Costas Christ is one of the world’s top sustainable tourism experts, whose work has taken him to more than 130 countries across six continents. He has served as a strategic advisor to heads of state, travel corporations, conservation organizations and non profit associations, connecting tourism to the protection of natural and cultural heritage and poverty alleviation around the world.
He is an award-winning writer for National Geographic where he also serves as Editor at Large. Costas was recognized with Conservationist Dr. Jane Goodall, Oceanographer Dr. Sylvia Earle, and CNN Founder and Philanthropist Ted Turner, as an Eco Warrior working to save the planet. NBC News said: "For the past 30 years, Costas Christ been at the leading edge of the green travel movement, since way before it was ever called green or even a movement."

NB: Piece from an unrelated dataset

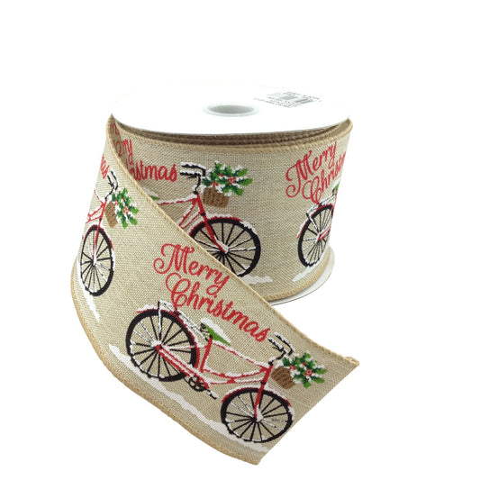 Light Natural Linen Ribbon With Christmas Bicycle 2.5 Inch 10 Yard Roll

In 2017, he received the International Peace Through Tourism Award for his sustainable tourism training work in former conflict zones in Colombia and Sri Lanka. Costas is the author of Tourism and Biodiversity: Mapping Tourism's Global Footprint (UNEP 2003), and a co-author to Wilderness: Earth's Last Wild Places (CI 2004), Transboundary Conservation: A New Vision for Protected Areas (CEMEX 2005) and Echoes of Bhutan (Schaffer 2017). Costas' articles and essays have also appeared in the New York Times, Boston Globe, International Herald Tribune, and Sunday Times of London. His television and radio appearances include Good Morning America, Travel Channel, BBC World, CNN International, National Geographic Channel, National Geographic Weekend and National Public Radio.